Most of the tax talk so far this year has focused on the American Recovery and Reinvestment Act of 2009 (aka the Stimulus Bill). So it's easy to have overlooked some of the changes that affect your 2008 return due on April 15. This column gives you a quick review of some potential money savers. And while I'm at it, I'll also remind you of a few commonly overlooked deductions and give you a heads-up about some of the tax changes in store for 2009.
-- The standard deduction went up. If you are like most people and take the standard deduction (instead of itemizing), you'll be happy to learn it went up for 2008, to $10,900 for those married filing jointly (and up to $5,450 for single filers). If you're not sure whether you should itemize, just do the calculations both ways; choose whichever method gives you the bigger deduction.
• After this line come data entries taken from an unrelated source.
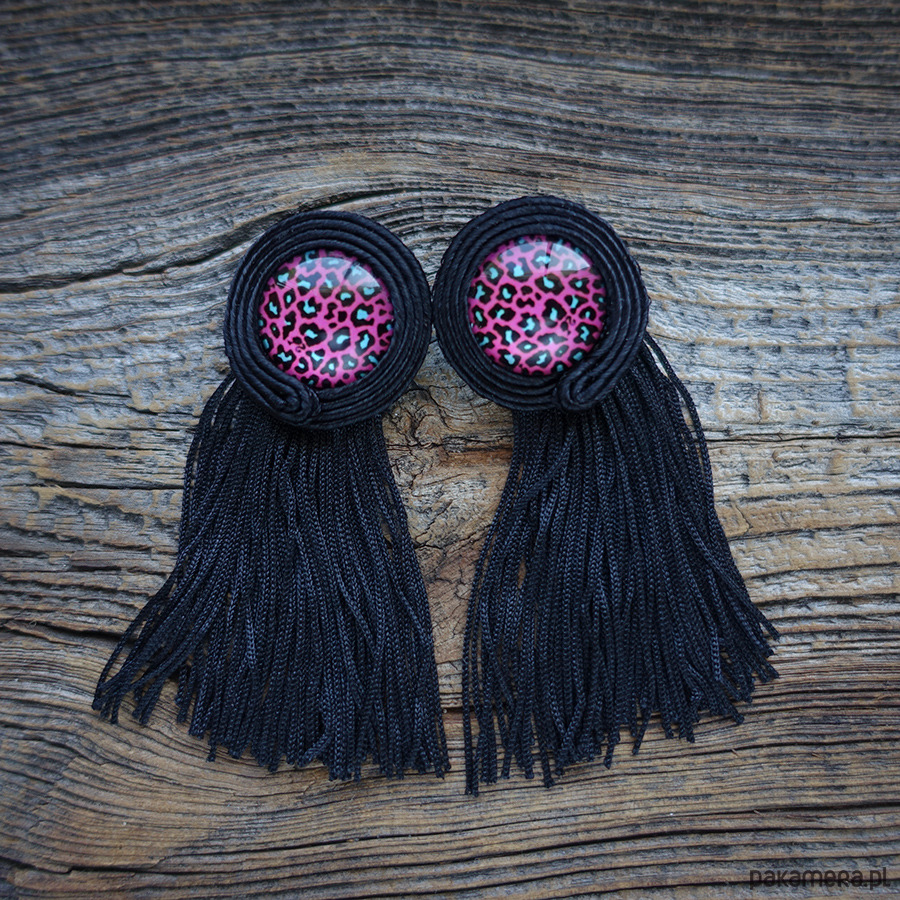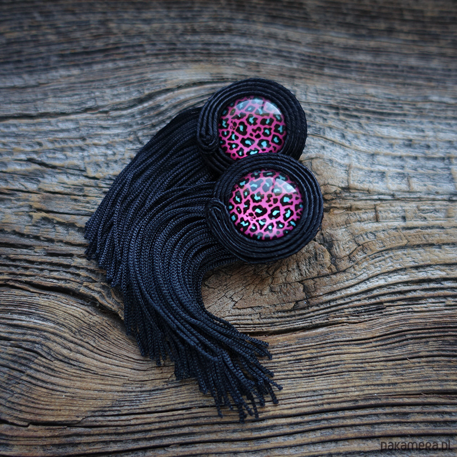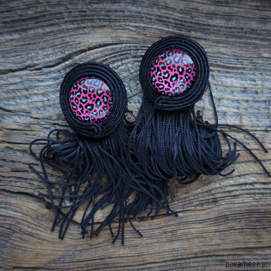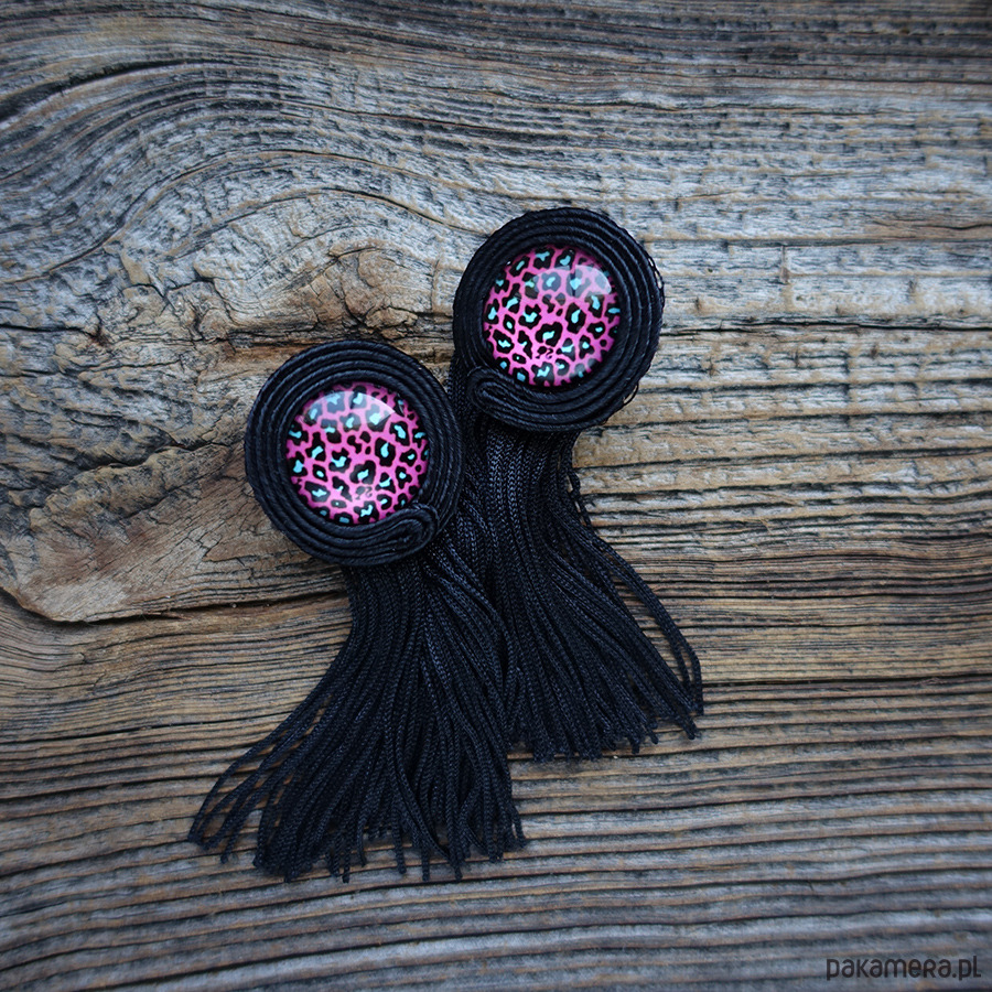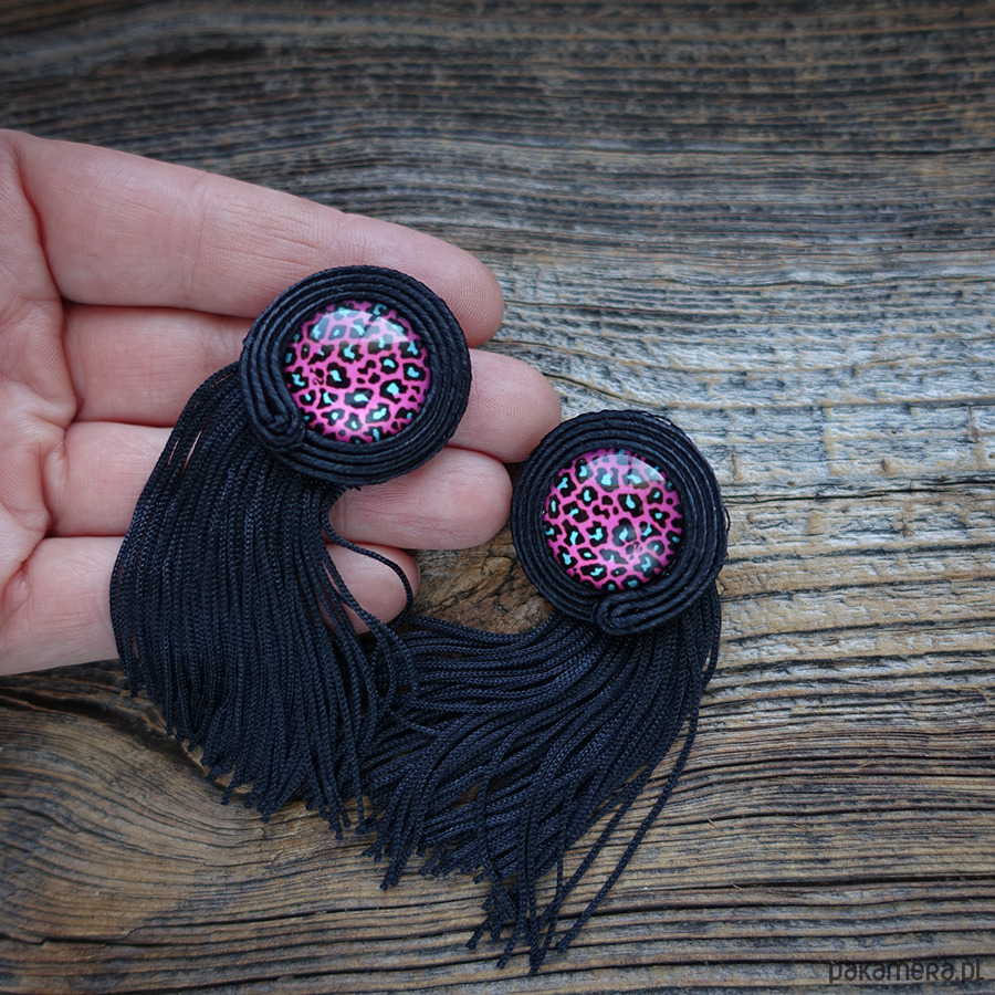 Efektowne kolczyki sutasz z cętkowanym kaboszonem w różową panterkę ;).
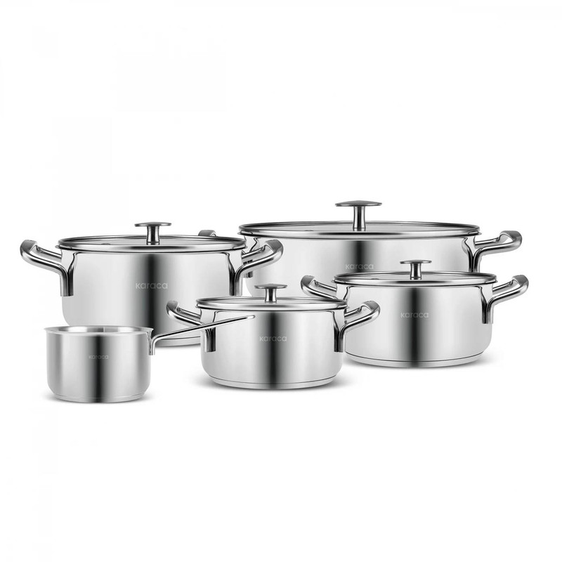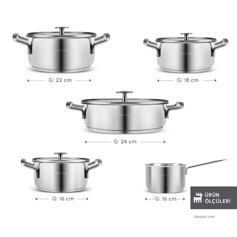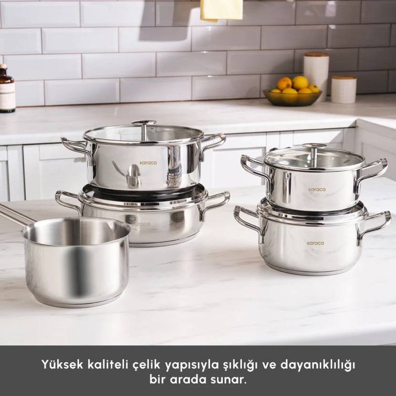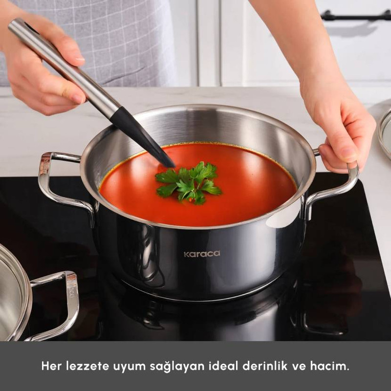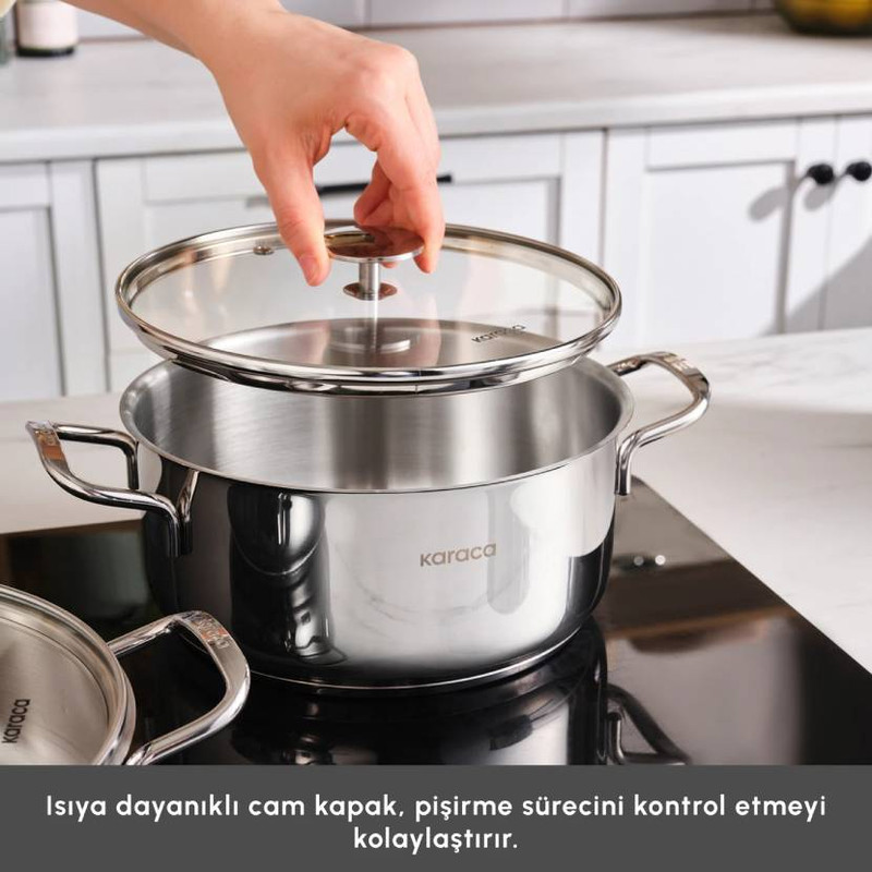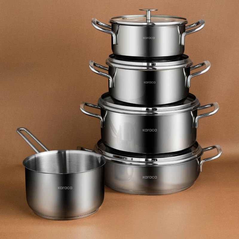 سرویس قابلمه ۹ پارچه کاراجا مدل آریس (Aris)، نمونه درخشان هنر و مهندسی ترک ها در خدمت آشپزخانههای مدرن شماست! این مجموعه استثنایی که با افتخار **در ترکیه طراحی و تولید شده**، از **مرغوبترین استیل ضد زنگ ۱۸/۱۰** ساخته شده تا همچنان که سلامت مواد غذایی را در طول پخت حفظ میکند، برای سالها ماندگاری و درخشش خود را حفظ کند. طراحی پایه **اینداکشن** این سرویس، حرارتی یکنواخت و سریع را روی **تمامی اجاقها (القایی، گاز، برقی و سرامیکی)** فراهم میکند و باعث پخت کامل و خوشطعم هر نوع غذایی میشود. مجموعه کامل آن شامل قابلمههای ۱۶، ۱۸، ۲۲ و یک نیمقابلمه ۲۴ سانتیمتری به همراه یک شیرجوش، پاسخگوی تمامی نیازهای آشپزی روزانه شماست. **دستههای تمام استیلِ ارگونومیک** آن، استفاده بیخطر و راحتی را حتی در دمای بالا ممکن ساخته و **دربهای شیشهای** آن، نظارت بر غذا را بدون هدررفت حرارت ممکن میسازد. به لطف سطح صیقلی و بدون منفذ، **شستن آن بسیار آسان** است و با اطمینان میتوان آن را در **ماشین ظرفشویی** شست. با انتخاب سرویس کاراجا آریس، شما نه تنها یک مجموعه قابلمه، بلکه **گواهی اصالت، کیفیت و نوآوری ترکیه ای** را به آشپزخانه خود آوردهاید.
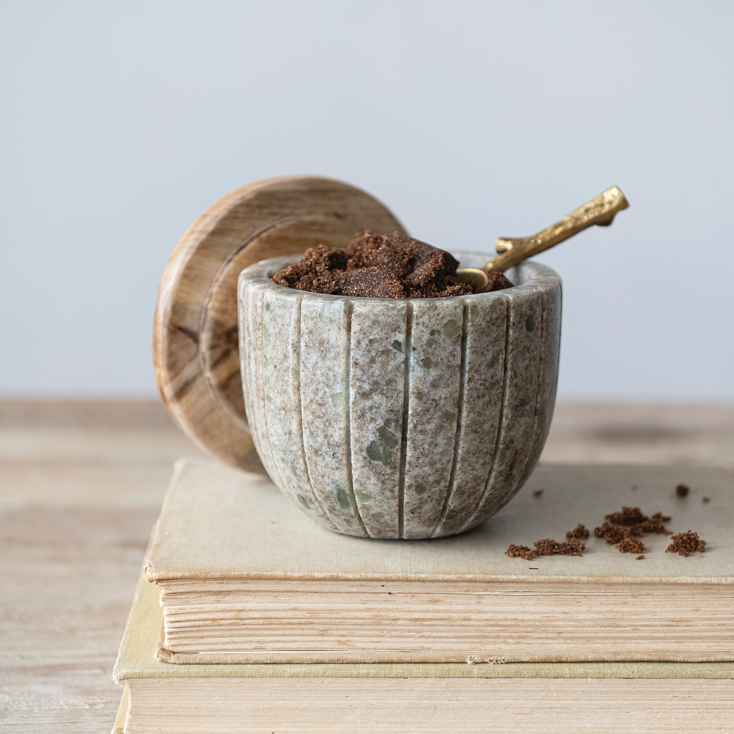 Carved Marble Container with Mango Wood Lid, Brown & Natural
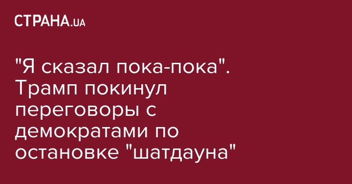Президент Соединенных Штатов Дональд Трамп покинул встречу с лидерами Демократической партии в двух палатах конгресса - Чаком Шумером и Нэнси Пелоси, где стороны должны были обсудить шаги для прекращения остановки правительства ("шатдауна").
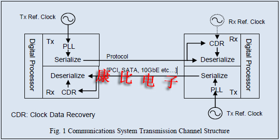 圖1顯示了一個(gè)典型的通信系統(tǒng)(傳輸信道),其中兩個(gè)收發(fā)器之間的數(shù)據(jù)轉(zhuǎn)發(fā)由多種協(xié)議(PCI,SATA,10GbE等)介導(dǎo).).在這種類型的系統(tǒng)中,有源晶振振蕩器用于產(chǎn)生參考時(shí)鐘.通常,數(shù)據(jù)在發(fā)送方被參考信號(hào)串行化,以說明參考信號(hào)以低于數(shù)據(jù)速率的頻率振蕩.因此,發(fā)射器的內(nèi)部鎖相環(huán)(鎖相環(huán))用于將參考信號(hào)乘以所需頻率,并傳輸數(shù)據(jù).相反,在接收端,基于鎖相環(huán)的時(shí)鐘數(shù)據(jù)恢復(fù)(CDR)用于從傳輸?shù)臄?shù)據(jù)流中再生參考信號(hào),然后再生的參考信號(hào)用于重構(gòu)數(shù)據(jù).在一些高端系統(tǒng)中,接收端具有用于數(shù)據(jù)重建的嵌入式參考信號(hào).利用這種數(shù)據(jù)傳輸,信號(hào)轉(zhuǎn)換和再生是永久進(jìn)行的,并且利用高速通信,接收端必須準(zhǔn)確地將發(fā)送的數(shù)據(jù)識(shí)別為0和1.因此,如何限制實(shí)際信號(hào)的退化水平(抖動(dòng),噪聲),提高信號(hào)質(zhì)量以及如何有效地設(shè)計(jì)傳輸信道專用集成電路成為至關(guān)重要的問題. [信號(hào)質(zhì)量評(píng)估方法]

-- You might be eligible for a tax credit if you're a recent first-time home buyer. If you bought your first home after April 8, 2008 (but by year-end 2008), you could be eligible for the "First-Time Homebuyer Credit" of $7,500 (or 10 percent of the home purchase price, whichever is smaller). This valuable tax credit applies to your 2008 tax return, but you have to pay the money back as an interest-free loan over a generous 15 years. The credit is subject to income requirements, so check with your tax preparer or the IRS to ensure you're eligible. (Note that this tax credit gets even better for first-time buyers in 2009, which I'll mention at the end of this column.)
-- You can contribute more to your IRA. Good news for IRA investors: For 2008, your maximum deductible IRA contribution is up 25 percent from 2007, from $4,000 to $5,000. If you're 50 or older, you can sock away up to $6,000. Now I realize it might be difficult to put that money into the stock market in this climate, but the opportunity to invest in your future and get a tax deduction (especially if you don't have a company-sponsored retirement plan) is just too valuable to pass up. If you really have no stomach for investing right now, just park the contribution in cash or a CD until you're ready to step back into the equities markets.
-- You can fear the AMT less. The Alternative Minimum Tax has been snaring more and more middle-income Americans, but Congress raised the AMT income-exemption figures for 2008 to $46,200 for single taxpayers and $69,950 for married couples filing jointly (and these figures will increase for 2009).
-- Get your share of the recovery rebate credit. Last year, millions of Americans received stimulus checks from the government. If you didn't get one or didn't get the full amount ($600 for individuals; $1,200 for married people filing jointly), but your circumstances have changed (say, for example, your income declined or you had an additional child), you may be eligible to receive a stimulus as part of your 2008 return. Check with the IRS or your tax preparer for details.
There are plenty of other changes, too, and the IRS website (www.irs.gov) has posted a web page with all the details.
Uncle Sam should definitely get his fair share when it comes to taxes, but there's no reason to overpay him. So while you're thinking about your 2008 taxes, don't overlook some of these common deductions for people who itemize:
-- Non-cash donations: Did you take a pile of clothing or household items to Goodwill, the Salvation Army or some other nonprofit institution? As long as they're in "good used condition or better," you can itemize the value of the donation. Just be sure to get a receipt and assign a reasonable resale value.
-- Refinancing costs: If you were able to refinance your mortgage at a lower rate, you can usually deduct any points (amortized over the cost of the loan) from your income taxes.